Histoire du Plessis-Robinson

Le Plessis-Robinson est une commune des Hauts-de-Seine, en région Île-de-France, qui compte 29 228 habitants. La première mention connue de la localité date de 839, lorsqu’un concile synodal partagea les terres appartenant à l’abbaye de Saint-Germain-des-Prés entre l’évêque et les chanoines de l’église Saint-Étienne; la cité y figure sous le nom de Plessiacus justa Castenetum, c’est-à-dire « le plessis à côté de Châtenay ». Un plessis désignait alors une technique traditionnelle de taille des haies vives par fendage des branches, permettant de clôturer pâturages et cultures pour les protéger du bétail. Au Moyen Âge, la terre prit le nom de son seigneur, Plessis-Raoul, puis Plessis-Picquet sous le seigneur Jean de la Haye dit Picquet. Sous la Révolution, la commune se nomma temporairement Plessis-Liberté, avant de retrouver Plessis-Picquet à la fin de cette période. Le terme Robinson, patronyme anglais signifiant fils de Robin, est tiré du roman de Johann David Wyss, Le Robinson suisse, lui-même inspiré du Robinson Crusoé de Defoe: dans les années 1840, Joseph Gueusquin, restaurateur parisien natif de Forges-sur-Meuse, découvrit la cité et y construisit en 1848 une guinguette avec cabanes dans les arbres, qu’il baptisa Au Grand Robinson.
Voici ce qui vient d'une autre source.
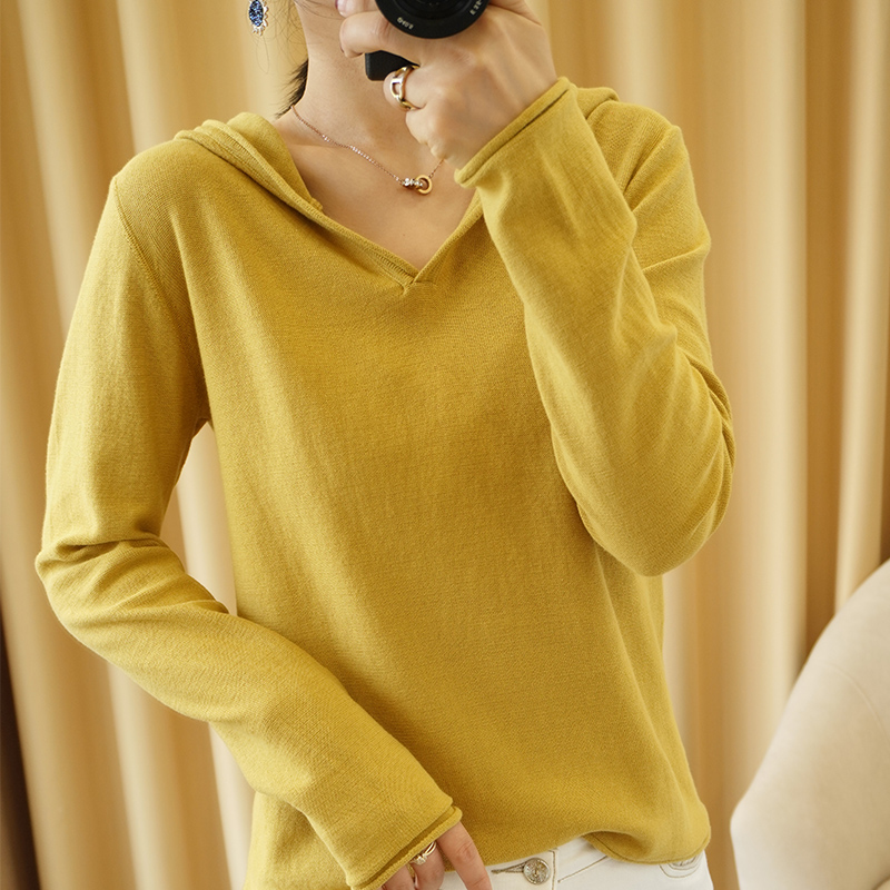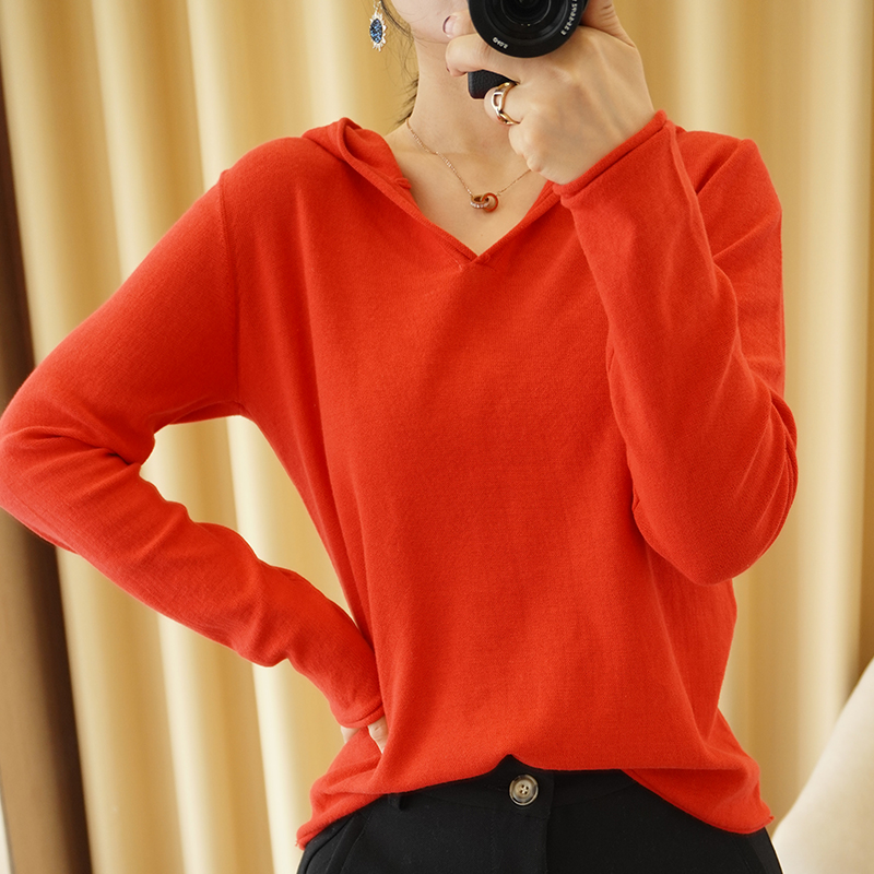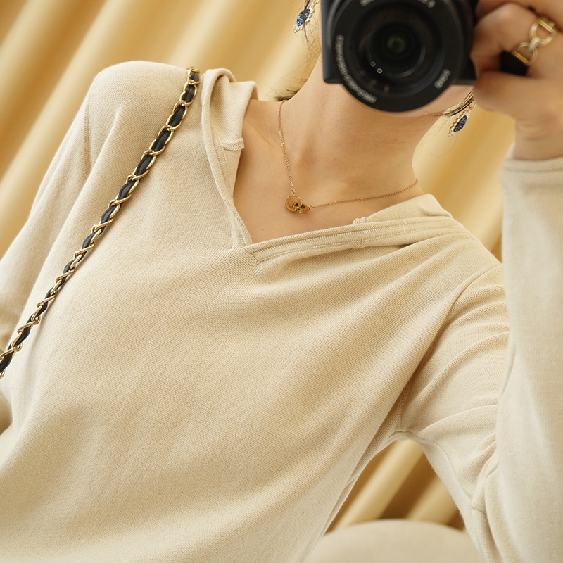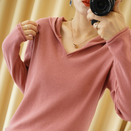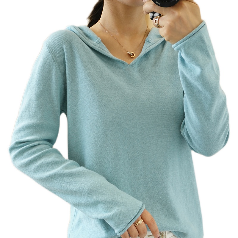 秋冬新款 100%全棉线连帽套头针织衫女长袖线衣宽松休闲帽衫上衣

Le succès du lieu fut tel que d’autres guinguettes firent leur apparition, et le quartier finit par prendre le nom de Robinson.

Des populations se sont installées sur ce plateau dans des temps reculés. En 1934, l’archéologue Claude Seignolle dégagea de grandes pierres dans lesquelles il voyait les débris de dolmens, dont l’un porte des inscriptions. Dans la vallée d’Aulnay furent retrouvés les vestiges d’une villa romaine; à proximité s’élevait un temple consacré à la déesse des sources d’Aulnay, dont une statuette est conservée au musée d’archéologie nationale de Saint-Germain-en-Laye. Une tombe d’enfant, datée vers l’an -300 grâce à la pièce de monnaie qu’elle contenait, fut également mise au jour.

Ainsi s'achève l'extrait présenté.